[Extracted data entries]
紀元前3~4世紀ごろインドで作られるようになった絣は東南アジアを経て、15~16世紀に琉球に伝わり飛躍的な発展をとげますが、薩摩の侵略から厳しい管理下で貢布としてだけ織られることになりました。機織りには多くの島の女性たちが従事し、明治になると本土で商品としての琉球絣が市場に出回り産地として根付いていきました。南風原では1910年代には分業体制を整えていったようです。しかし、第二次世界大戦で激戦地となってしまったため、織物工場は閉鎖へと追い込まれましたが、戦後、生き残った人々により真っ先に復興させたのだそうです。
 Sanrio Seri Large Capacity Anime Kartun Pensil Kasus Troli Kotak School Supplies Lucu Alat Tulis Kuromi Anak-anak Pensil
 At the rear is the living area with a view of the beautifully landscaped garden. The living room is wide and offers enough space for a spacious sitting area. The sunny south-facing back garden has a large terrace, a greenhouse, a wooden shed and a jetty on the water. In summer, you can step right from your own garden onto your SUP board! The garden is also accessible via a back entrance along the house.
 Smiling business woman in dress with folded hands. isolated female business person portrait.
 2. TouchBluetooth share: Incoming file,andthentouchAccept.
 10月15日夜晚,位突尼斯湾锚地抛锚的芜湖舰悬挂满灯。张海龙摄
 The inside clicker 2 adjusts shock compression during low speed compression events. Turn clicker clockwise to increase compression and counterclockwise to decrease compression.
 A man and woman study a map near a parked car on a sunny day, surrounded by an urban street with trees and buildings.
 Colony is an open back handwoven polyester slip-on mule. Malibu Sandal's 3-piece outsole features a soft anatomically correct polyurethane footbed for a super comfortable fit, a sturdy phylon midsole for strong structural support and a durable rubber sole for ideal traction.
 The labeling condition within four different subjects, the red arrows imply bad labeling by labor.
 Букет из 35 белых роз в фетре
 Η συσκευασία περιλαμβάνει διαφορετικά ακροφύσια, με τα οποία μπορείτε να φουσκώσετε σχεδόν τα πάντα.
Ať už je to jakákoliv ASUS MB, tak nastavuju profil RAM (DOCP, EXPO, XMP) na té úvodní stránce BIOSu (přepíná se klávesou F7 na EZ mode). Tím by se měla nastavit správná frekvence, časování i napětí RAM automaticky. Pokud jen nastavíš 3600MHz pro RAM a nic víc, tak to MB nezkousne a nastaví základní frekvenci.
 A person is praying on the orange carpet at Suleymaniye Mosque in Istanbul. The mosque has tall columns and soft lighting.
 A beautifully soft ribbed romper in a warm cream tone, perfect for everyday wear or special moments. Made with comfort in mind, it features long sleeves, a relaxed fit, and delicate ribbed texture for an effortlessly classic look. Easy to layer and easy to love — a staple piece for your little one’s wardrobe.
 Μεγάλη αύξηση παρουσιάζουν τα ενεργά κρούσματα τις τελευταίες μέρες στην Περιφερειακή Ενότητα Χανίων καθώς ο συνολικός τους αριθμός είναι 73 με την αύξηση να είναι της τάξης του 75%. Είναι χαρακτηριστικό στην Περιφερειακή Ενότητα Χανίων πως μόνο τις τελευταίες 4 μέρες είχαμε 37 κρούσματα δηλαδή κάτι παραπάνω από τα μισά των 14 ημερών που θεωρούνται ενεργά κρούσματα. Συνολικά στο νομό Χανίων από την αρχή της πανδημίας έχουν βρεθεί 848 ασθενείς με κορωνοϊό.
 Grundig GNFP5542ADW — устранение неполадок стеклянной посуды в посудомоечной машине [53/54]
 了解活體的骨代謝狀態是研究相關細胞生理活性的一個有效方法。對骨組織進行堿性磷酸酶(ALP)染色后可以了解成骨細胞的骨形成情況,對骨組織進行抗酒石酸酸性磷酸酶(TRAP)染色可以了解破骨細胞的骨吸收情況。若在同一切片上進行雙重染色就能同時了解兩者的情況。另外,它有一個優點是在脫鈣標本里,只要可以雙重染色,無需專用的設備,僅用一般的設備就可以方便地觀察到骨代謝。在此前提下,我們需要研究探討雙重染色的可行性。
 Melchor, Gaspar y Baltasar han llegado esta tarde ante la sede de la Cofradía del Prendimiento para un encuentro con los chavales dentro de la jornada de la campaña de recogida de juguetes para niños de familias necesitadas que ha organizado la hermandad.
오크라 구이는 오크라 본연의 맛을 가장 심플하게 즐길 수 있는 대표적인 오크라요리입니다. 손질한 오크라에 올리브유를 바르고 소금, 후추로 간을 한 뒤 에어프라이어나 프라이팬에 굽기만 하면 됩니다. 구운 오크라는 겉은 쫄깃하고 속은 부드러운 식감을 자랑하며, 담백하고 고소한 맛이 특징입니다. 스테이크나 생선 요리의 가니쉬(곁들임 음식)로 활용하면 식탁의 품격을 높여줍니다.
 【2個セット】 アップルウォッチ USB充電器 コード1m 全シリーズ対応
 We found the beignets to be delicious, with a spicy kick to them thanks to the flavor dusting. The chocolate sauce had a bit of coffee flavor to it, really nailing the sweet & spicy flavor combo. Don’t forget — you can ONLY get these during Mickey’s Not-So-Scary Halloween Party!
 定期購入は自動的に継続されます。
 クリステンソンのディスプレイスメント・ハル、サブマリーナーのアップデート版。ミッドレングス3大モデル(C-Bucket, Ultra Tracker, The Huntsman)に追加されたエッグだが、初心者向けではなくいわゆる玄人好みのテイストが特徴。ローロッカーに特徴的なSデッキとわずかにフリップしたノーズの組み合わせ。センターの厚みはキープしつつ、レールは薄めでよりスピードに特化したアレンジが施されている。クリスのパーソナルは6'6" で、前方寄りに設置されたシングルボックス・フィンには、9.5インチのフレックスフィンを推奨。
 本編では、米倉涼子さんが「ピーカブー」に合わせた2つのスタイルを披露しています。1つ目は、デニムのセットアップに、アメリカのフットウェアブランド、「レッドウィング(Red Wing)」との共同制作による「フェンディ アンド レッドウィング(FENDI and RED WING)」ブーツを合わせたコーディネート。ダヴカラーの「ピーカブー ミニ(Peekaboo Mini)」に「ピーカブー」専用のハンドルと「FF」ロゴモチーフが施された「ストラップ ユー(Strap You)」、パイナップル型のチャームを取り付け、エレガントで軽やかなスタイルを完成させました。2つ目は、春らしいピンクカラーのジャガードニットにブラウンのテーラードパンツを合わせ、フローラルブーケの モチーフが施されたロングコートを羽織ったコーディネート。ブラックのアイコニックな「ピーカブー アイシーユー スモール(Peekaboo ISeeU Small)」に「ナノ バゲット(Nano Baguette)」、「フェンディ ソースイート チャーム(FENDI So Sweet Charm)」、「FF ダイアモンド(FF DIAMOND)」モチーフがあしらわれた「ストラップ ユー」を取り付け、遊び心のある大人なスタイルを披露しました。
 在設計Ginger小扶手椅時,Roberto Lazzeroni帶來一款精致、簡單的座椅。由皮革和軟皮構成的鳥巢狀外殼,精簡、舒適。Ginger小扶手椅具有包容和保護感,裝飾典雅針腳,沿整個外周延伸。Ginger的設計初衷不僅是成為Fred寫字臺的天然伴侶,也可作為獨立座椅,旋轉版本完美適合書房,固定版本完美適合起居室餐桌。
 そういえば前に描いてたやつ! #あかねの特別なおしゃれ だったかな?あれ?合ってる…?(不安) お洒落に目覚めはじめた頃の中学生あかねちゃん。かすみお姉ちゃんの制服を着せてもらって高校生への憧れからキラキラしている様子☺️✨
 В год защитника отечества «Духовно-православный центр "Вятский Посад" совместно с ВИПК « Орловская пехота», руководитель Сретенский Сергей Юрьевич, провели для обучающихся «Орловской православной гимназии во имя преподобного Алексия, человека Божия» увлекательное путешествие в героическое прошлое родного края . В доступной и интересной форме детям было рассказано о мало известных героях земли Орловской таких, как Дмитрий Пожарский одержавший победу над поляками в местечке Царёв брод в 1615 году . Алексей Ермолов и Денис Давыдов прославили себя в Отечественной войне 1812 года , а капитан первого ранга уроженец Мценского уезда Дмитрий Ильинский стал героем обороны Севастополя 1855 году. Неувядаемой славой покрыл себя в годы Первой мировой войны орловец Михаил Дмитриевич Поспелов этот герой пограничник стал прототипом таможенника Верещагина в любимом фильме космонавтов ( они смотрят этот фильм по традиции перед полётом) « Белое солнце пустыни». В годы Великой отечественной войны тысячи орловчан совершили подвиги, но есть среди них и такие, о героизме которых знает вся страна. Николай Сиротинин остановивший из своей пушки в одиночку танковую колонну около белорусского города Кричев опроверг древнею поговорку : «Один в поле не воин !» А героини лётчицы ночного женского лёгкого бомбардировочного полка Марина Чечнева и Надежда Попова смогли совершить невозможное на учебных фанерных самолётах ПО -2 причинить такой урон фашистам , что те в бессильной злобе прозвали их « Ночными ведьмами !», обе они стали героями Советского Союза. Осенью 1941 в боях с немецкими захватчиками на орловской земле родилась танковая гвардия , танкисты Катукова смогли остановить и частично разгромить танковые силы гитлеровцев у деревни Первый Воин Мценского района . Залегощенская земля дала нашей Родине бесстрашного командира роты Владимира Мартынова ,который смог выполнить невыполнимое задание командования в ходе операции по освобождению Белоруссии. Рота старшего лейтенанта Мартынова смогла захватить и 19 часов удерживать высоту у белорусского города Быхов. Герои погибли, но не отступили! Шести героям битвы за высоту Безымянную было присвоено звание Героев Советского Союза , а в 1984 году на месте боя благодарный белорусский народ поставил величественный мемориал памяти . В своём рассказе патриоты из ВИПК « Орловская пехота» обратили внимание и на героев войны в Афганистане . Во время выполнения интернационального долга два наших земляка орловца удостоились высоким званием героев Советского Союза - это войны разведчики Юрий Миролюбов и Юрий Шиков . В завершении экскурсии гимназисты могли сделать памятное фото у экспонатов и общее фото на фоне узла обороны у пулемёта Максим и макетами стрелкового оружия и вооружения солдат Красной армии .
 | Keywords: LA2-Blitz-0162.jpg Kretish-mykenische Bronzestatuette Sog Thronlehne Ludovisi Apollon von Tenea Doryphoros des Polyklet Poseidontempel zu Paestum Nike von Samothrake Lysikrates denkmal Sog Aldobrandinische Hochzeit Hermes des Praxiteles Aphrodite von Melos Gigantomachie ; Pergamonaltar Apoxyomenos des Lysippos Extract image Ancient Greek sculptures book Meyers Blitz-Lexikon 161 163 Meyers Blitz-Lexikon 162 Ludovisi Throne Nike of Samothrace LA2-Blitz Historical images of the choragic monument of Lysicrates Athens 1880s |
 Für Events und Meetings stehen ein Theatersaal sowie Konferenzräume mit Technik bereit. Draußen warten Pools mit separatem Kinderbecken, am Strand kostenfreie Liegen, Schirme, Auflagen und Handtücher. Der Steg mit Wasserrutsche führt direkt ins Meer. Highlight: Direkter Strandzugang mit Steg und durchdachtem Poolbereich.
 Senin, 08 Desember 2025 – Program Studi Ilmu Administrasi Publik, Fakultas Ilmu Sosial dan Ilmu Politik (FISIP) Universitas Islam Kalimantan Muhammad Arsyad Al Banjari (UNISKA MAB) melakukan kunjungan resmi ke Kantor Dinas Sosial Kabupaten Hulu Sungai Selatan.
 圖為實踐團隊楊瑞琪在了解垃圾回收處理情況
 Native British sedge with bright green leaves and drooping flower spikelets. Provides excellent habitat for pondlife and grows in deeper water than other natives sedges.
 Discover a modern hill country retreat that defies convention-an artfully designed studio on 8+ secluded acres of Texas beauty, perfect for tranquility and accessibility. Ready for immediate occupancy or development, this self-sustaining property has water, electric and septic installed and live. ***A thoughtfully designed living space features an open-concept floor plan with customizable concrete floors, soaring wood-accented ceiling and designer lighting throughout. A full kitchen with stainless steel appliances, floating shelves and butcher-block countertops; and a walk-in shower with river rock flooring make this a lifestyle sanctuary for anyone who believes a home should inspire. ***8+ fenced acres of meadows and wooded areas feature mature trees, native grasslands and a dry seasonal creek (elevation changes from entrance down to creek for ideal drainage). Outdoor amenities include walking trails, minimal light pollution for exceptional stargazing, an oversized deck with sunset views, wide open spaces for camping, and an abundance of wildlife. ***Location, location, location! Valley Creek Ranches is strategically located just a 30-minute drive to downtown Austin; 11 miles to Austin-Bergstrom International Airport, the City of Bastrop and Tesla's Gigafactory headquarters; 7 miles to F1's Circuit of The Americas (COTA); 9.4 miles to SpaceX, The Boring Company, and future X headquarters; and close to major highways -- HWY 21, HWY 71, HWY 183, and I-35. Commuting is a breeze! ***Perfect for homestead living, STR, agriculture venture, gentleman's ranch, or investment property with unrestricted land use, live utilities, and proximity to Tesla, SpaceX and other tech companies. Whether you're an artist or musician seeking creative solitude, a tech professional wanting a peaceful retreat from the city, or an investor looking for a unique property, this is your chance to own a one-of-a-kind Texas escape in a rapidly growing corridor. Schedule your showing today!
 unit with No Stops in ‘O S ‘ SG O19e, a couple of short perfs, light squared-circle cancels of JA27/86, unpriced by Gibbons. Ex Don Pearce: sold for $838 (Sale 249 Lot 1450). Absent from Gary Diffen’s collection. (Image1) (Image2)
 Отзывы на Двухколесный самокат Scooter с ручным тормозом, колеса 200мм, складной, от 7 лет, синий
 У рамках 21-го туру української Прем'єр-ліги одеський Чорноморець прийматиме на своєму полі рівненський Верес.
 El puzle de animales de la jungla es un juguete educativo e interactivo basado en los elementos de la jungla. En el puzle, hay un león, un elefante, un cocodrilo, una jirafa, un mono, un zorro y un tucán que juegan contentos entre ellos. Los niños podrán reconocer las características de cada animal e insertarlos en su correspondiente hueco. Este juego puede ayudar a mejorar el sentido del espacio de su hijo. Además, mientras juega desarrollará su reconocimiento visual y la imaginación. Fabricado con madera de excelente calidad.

» **What you are asked to do**:
Provide the number of lines in the preceding entries that include the string "sunny", with no other words.

» **Exercise response**:
2